> **Problem to solve**
Starting at the line below with "Ръчно изработен златен" and stopping at the line with "ingredients: rice noodles, red", please print each line exactly, those two included, and skip every picture.

> **Provided entries**
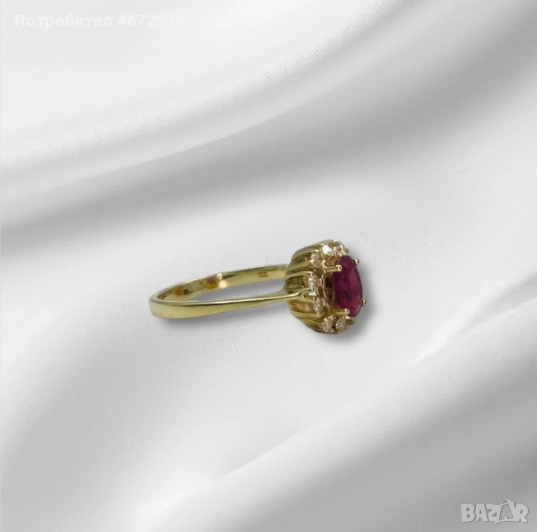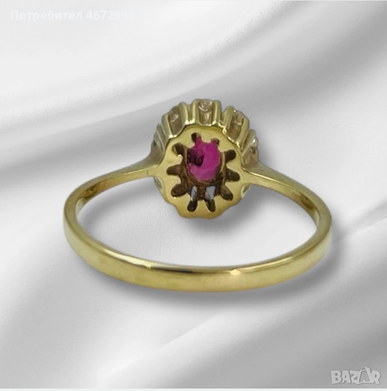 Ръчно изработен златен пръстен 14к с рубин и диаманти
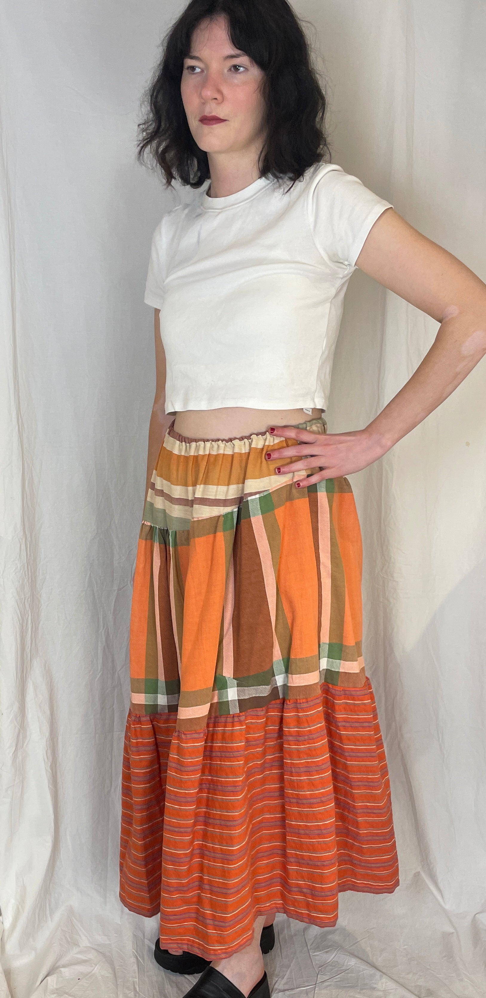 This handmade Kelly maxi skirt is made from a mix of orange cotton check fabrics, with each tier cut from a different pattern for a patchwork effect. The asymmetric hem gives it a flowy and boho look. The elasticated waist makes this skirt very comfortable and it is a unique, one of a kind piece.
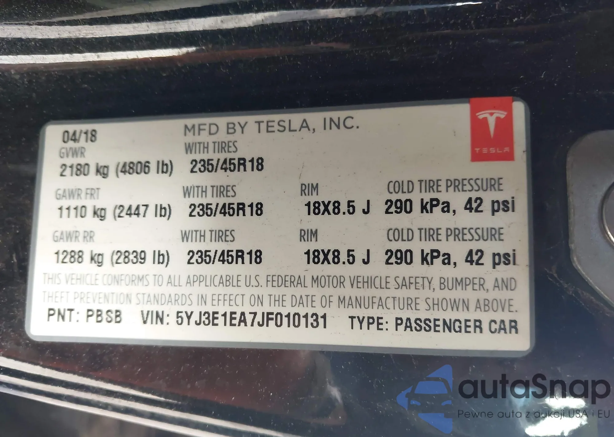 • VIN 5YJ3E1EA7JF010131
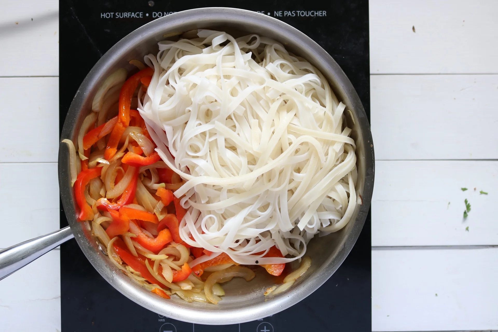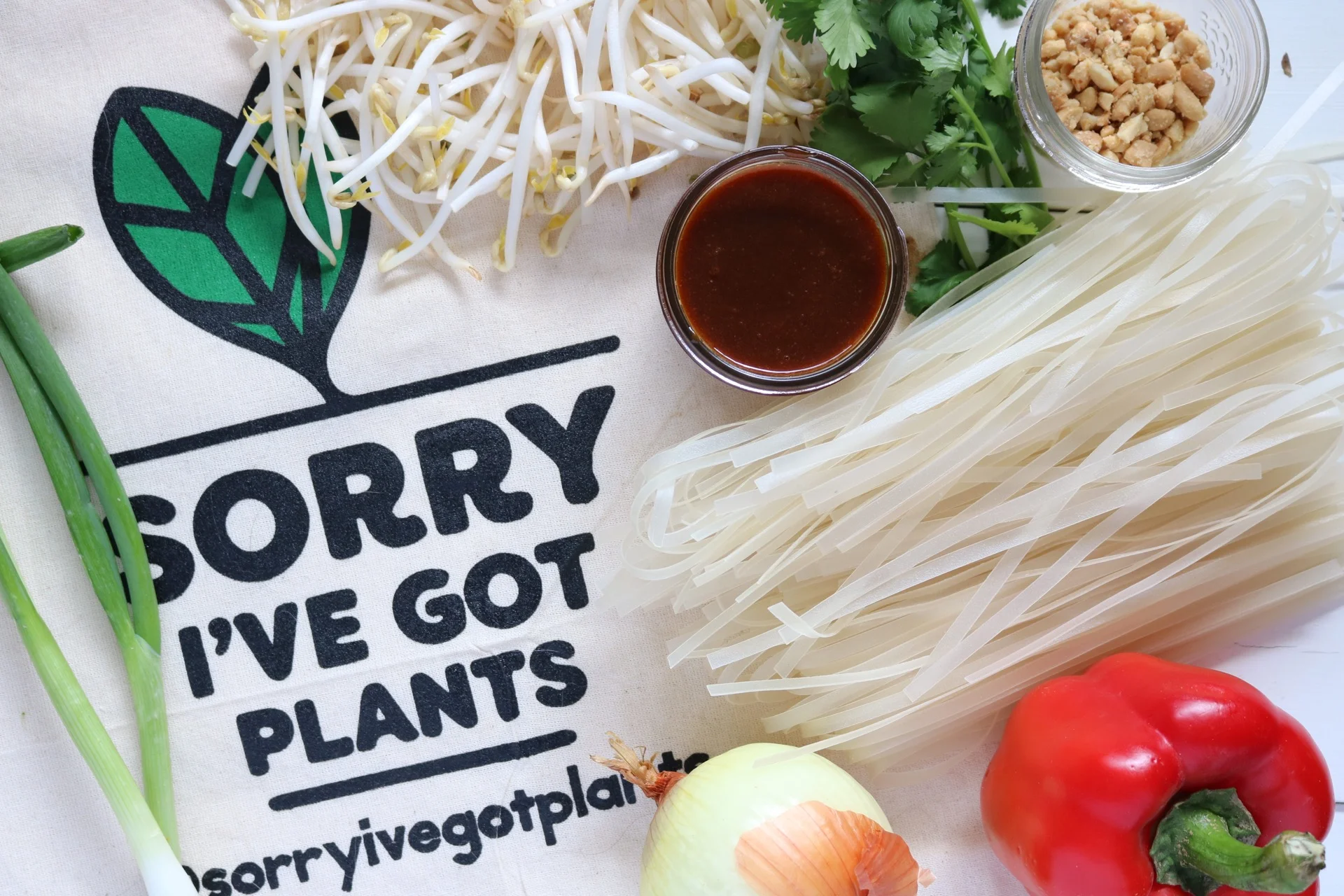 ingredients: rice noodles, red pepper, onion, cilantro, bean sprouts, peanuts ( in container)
---
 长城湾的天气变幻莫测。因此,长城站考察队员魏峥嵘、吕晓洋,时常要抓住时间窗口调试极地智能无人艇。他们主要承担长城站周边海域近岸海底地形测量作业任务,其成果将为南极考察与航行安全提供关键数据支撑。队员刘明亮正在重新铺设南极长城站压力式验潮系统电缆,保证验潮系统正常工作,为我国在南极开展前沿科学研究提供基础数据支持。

> **Expected answer**
 Ръчно изработен златен пръстен 14к с рубин и диаманти
 This handmade Kelly maxi skirt is made from a mix of orange cotton check fabrics, with each tier cut from a different pattern for a patchwork effect. The asymmetric hem gives it a flowy and boho look. The elasticated waist makes this skirt very comfortable and it is a unique, one of a kind piece.
 • VIN 5YJ3E1EA7JF010131
 ingredients: rice noodles, red pepper, onion, cilantro, bean sprouts, peanuts ( in container)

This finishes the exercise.